Please copy only the material from the line that has "Entre puissance et" to the very last line, both ends included, exactly as written and without pictures.
### DATA SHOWN
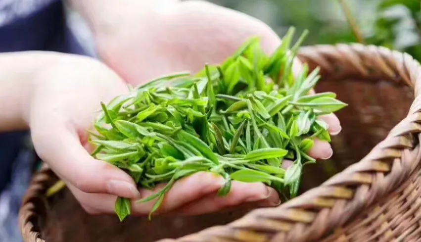 9.莫干黃芽茶:產(chǎn)于浙江省德清縣的莫干山,其條緊纖秀,細似蓮心,含嫩黃白亳芽尖,故名。屬莫干云霧茶的上品。莫干黃芽茶所制成品,芽葉完整,凈度良好,外形緊細成條似蓮心,芽葉肥壯顯茸毫,色澤黃嫩油潤,湯色橙黃明亮,香氣清鮮,滋味醇爽。
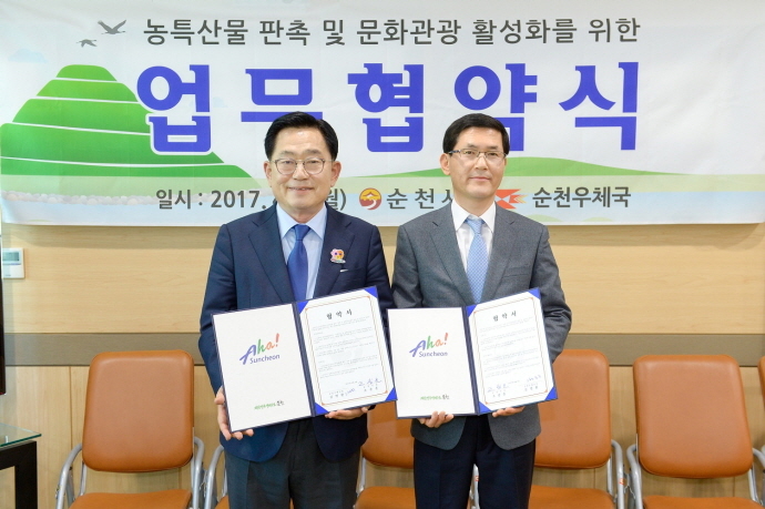 시와 순천우체국은 3일 순천시청에서 업무협약식을 갖고 지역 농산물 공동상표인 ‘순천미인’과 농특산물을 전국 3500여 우체국을 통해 적극 홍보하고 판촉해 농가소득 증대 및 지역경제 활성화, 문화관광산업 발전에 적극 협력해 나가기로 했다.
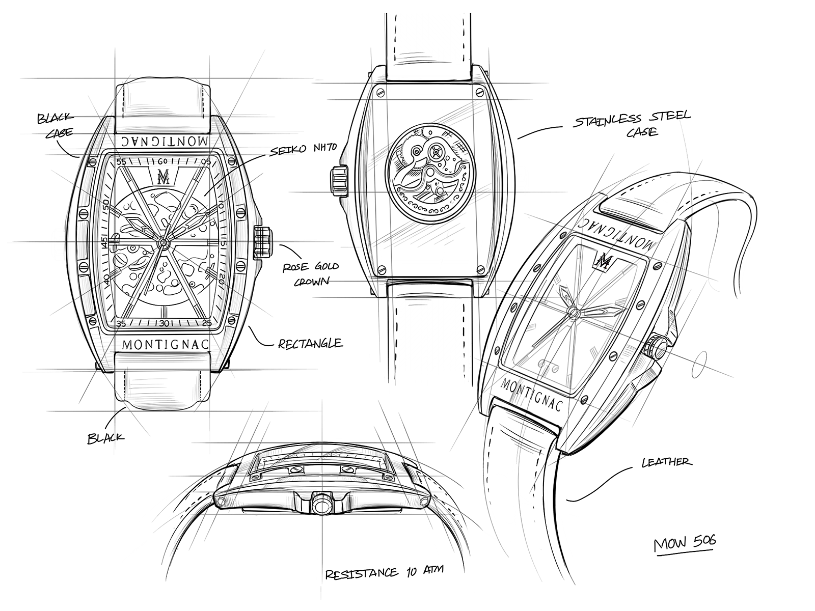 Entre puissance et raffinement, la montre pour homme MOW506 est une création caractéristique de la Maison. Dessinée et assemblée en France, elle combine un boîtier de forme tonneau particulièrement audacieux avec un cadran ajouré en forme d'étoile. Ce modèle laisse entrevoir les rouages de son mouvement automatique japonais.
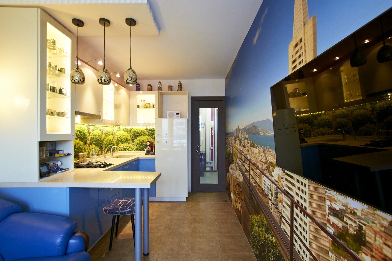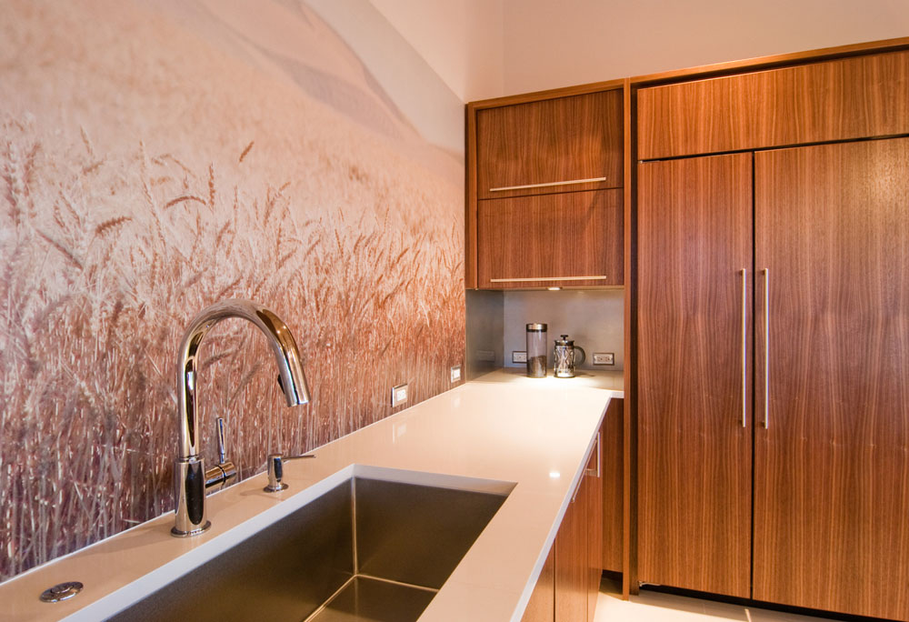 С помощью фотообоев для кухни можно создать очень современный и стильный дизайн. Выбирайте красивый рисунок, который будет радовать вас каждое утро. Это может быть панорама города, зеленый пейзаж, фрукты, животные и т. д. Оклейку такими обоями выполняют по обычной технологии с помощью клея.
######
**WRITTEN SOLUTION**
 Entre puissance et raffinement, la montre pour homme MOW506 est une création caractéristique de la Maison. Dessinée et assemblée en France, elle combine un boîtier de forme tonneau particulièrement audacieux avec un cadran ajouré en forme d'étoile. Ce modèle laisse entrevoir les rouages de son mouvement automatique japonais.
 С помощью фотообоев для кухни можно создать очень современный и стильный дизайн. Выбирайте красивый рисунок, который будет радовать вас каждое утро. Это может быть панорама города, зеленый пейзаж, фрукты, животные и т. д. Оклейку такими обоями выполняют по обычной технологии с помощью клея.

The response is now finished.